# New Member Trying to I.D. my track bicycle...



## LX Metal (Jun 5, 2008)

Hi,
I'm a newbie on the forum, "1st time long time" kinda guy. 
Can any of you help me in my quest to identify my bicycle?  It is equipped with BSA components, Lobdell Wooden rims, one mismatched Bowden toeclip.  It has been a great conversation piece in it's present condition.  Unfortunately, I have not had any conversation that have help solve the mystery...


----------



## tkopix (Jul 1, 2008)

what a beauty.. 

maybe try the classicrendezvous forum.. ???

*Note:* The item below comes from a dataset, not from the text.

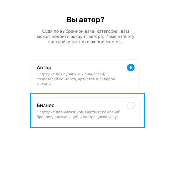 Система попросит уточнить сферу деятельности (нишу бизнеса) и предложит варианты ведения бизнес-профиля. Мы с вами выбираем Бизнес и начинаем рассматривать преимущества, которые становятся нам доступны.

if you ever want to to part or trades.. with that.. let me know..


----------



## ps2guy123 (Sep 8, 2008)

Schwinn Paramount...maybe.

That bike is serious old though.


----------



## pedal4416 (Jan 21, 2009)

not a paramount. the parts look euro.


----------



## cinelliphyle (Apr 10, 2009)

*Selling?*

Are you still holding on to this bike and if so are you planning on parting with it?


----------



## Bikephreak (Apr 10, 2009)

*Usa*

If you look at the rims, they were made in Alma, Michigan USA. It is likely some regional bike from the wood rim era. The chain stays look very unique coming off of the bottom bracket. The technique seems to be the salient feature. 
    Good Luck!
        Bikephreak


----------